И впрямь могла бы не ходить в мастерскую ради этого термоса с чаем и бутербродов, вот сейчас разложенных на тарелке. Со шпротами. С селедкой. С окороком. С колбасой. С голландским сыром. Нетрудно самому взять из дому эти бутерброды, а чай вскипятить здесь, в мастерской, но у нее, видите ли, аппетита
без него нет. Каждый божий день, когда он напряженно работает, закрывшись от всего мира в мясной лавке какого-то Елбжиховского, она непременно должна притащиться с этим своим завтраком, чтобы портить ему настроение.
(«— Ненавижу настырных людей.
— Я тоже, Людялис.
— Ни черта ты не понимаешь.
— Думаешь?
— Если понимаешь, то скажи: не надоело ли тебе каждый божий день в тот же час и минуту сидеть на том же месте, пить чай и видеть перед собой одну и ту же морду? Одно и то же, одно и то же, вроде капанья воды с крыши. Не хочется тебе собакой завыть от скуки?
— С тобой мне никогда не надоедает, Людас. Могла бы целыми часами сидеть и смотреть, как ты работаешь, даже хоть бы ты и слова мне не сказал.
— Как я работаю?.. Как я мучаюсь, наверно, ты хотела сказать? Что ж, у каждого большая или меньшая склонность к садизму. Но и это мне надоело. Все! Этот твой стук в дверь, сиденье напротив, жеванье. Эти бутерброды, чай, скатерть, которая на этом столе, в этом окружении, что корове седло. Все! Надоело! Поняла?! Тошнит меня!

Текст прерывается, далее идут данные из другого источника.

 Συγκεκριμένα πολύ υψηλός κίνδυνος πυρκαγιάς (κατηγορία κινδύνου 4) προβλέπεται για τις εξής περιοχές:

— Хорошо,—сказала она, стараясь не расплакаться, — больше надоедать не буду. Чтоб тебя не тошнило. Одно мне неясно, почему я виновата в том, что у тебя не ладится работа? Излей лучше злость на этом куске глины, он-то ведь выжимает из тебя больше, чем остается мне.

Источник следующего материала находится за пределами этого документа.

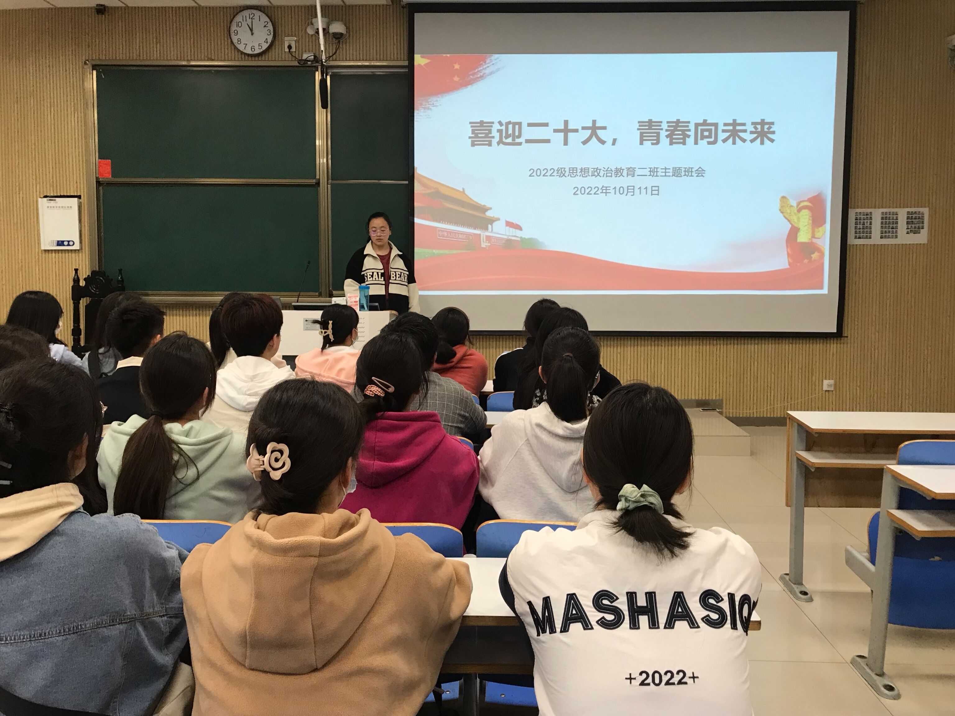 10月11日上午,七大罪 2022级思想政治教育二班在社科楼514教室召开“喜迎二十大,青春向未来”主题班会。2022级思想政治教育二班全体同学共同参加会议。本次会议由班长李佳音主持。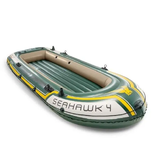 Barca Gonflabila SEAHAWK 4 este construita pentru a rezista, avand o constructie rezistenta din PVC, care poate face fata aproape oricarei conditii. Barca este construita cu mai multe camere de aer care asigura siguranta maxima si flotabilitate in caz de intepaturi sau scurgeri. Cu o capacitate de greutate de pana la 880 de livre, poate tine cu usurinta pana la patru adulti sau o familie cu copii.

Побросала в сумку посуду, вытряхнула скатерть, сунула здесь же в шкаф — и ушла. Утром, когда он из постели отправился под душ, Уне вскипятила воду, налила в термос, наделала бутербродов и сказала, чтоб забрал в мастерскую. И вот несколько дней подряд он в одиночестве хлебал чай с этими бутербродами, уставившись в белую стену, перед которой обычно сидела Уне, и чувствовал: что-то не так, как должно быть. Совсем не так. Скука не скука, но чего-то не хватает, настроение хуже чем обычно, и все тут. Не выдержал и сказал однажды утром:
— Зачем тебе вставать в такую рань? Чай готовить, бутерброды делать. Можешь принести все это, выспавшись. В мастерскую. Ты же любишь поваляться в постели? Не принимай близко к сердцу, что иногда брякну. — Это я принимаю? Я ничуть не принимаю.— Уне счастливо улыбалась и прятала голову под одеяло.— Думаешь, не понимаю, что такое — твоя работа? Вот дурачок. Неважно, что не смыслю в этом, не умею объяснить, но я чувствую ее — как вот сейчас вспомнился запах хлеба, что пекла моя мама».)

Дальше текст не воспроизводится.